Back in December I took a look at the importance of having a fast-loading website and although Google has set the record straight about some of the more outlandish fears people have had, speed is certainly a factor now in Google’s considerations.
But like so many of the aspects of your website which Google looks at in assessing your importance, this is just a reflection of what’s important to your visitors. We so often forget that. If your web pages don’t appear instantly, visitors won’t necessarily hang around waiting for you. Especially if you’re trying to sell them something.
An excellent new tool for assessing the speed-related factors of your website is GTmetrix. This combines the Yahoo! YSlow and Google Page Speed tools and puts them in a very nice interface. Give it a go. I’m not sure there’s a “good” or “bad” score, although the sites I run, which I’m fairly happy with, seem to score around 70%-80%. More important, however, are the recommendations. Make a list of the ones where you don’t score an “A” (in both YSlow and Page Speed tabs), and see what your website designer and web hosting service has to say.
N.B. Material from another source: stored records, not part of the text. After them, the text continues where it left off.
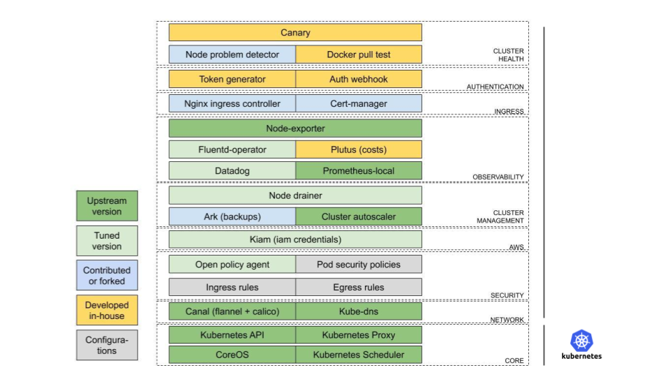 以下是 Kubernetes 原始安装提供的内容和我们集群提供内容的简化对比。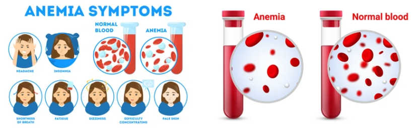 빈혈은 적혈구의 수량 또는 기능적 이상으로 인해 혈액 내 산소 운반 능력이 저하되는 상태를 말합니다. 이에 따라 다양한 증상이 나타날 수 있습니다.
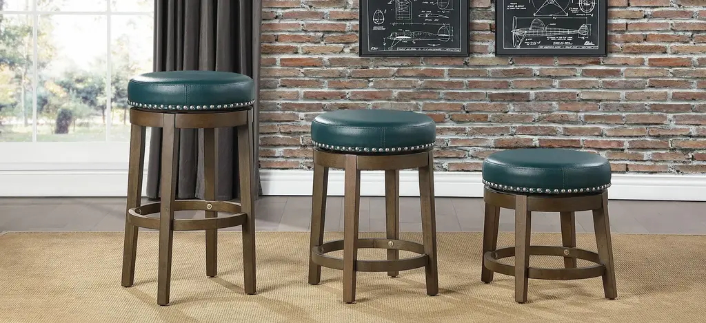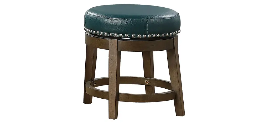 Transitional styling paired with versatility of selection makes the Whitby stool a perfect addition to your home's casual dining spaces. The round, swivel seat, stool is presented at 18-inches. The brown finished wood legs complement the green faux leather seat which features nailhead trim that further defines the stool's round profile.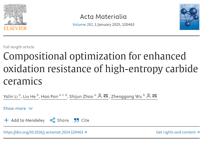 近日,湖南大学吴正刚教授和香港城市大学赵仕俊教授团队合作探索了高熵碳化物陶瓷中各个组分的微观氧化动力学,旨在通过成分优化进一步提升高熵碳化物的抗氧化性能。在这项研究中,科研团队通过理论计算框架指导对抗氧化HEC的成分优化,并通过氧化实验对理论预测进行验证,为HECs的成分设计提供了理论指导。相关成果以“Compositional optimization for enhanced oxidation resistance of high-entropy carbide ceramics” 在《Acta Materialia》上发表。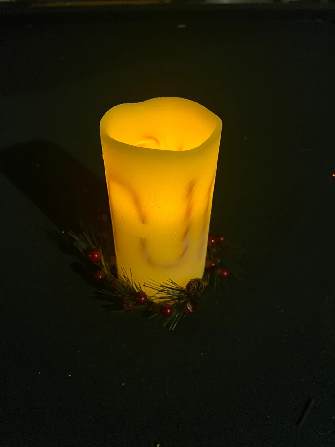 This flameless LED candle features a decorative festive wreath around its base. It has a soft glow, mimicking a real candle without the fire hazard. It stands about 6 inches tall. Perfect for holiday decor! In excellent condition see pictures for measurements takes batteries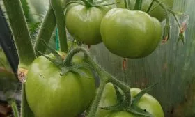- В период массового налива плодов. Проводят одну-две калийные подкормки. Калий улучшает вкусовые качества, сахаристость и способствует равномерному окрашиванию томатов. Подойдут сульфат калия, калимагнезия или зольный настой.

GTmetrix proves the obvious – the less and simpler the content, the quicker a page will load, even if it looks complicated. Thus, the home page for http://www.cabletronics.ltd.uk (which I’m responsible for) scores a double ‘A’ 95% / 91% rating (nice!) – it’s essentially one graphic overlaid with 15 hot spots + separate contact details. I tested GTmetrix’s own site and, not surprisingly, it too scores a double ‘A’ (92%/ 97%).
I have two sites – http://www.buzzassociates.com, again one graphic and text but it doesn’t fare quite so well (‘A’ / 96%, ‘B’ / 89%), and http://www.buzzassociates.co.uk, essentially an all text page: it only rates a double ‘B’ (88% / 84%).
The worst score on the other sites I’ve created is 75%.
Once I’ve understood what ‘Add Expires headers’ and ‘Configure entity tags’ mean, I ought to be well on my way to achieving 100% scores!
Pity, though, folks with Flash on their home pages.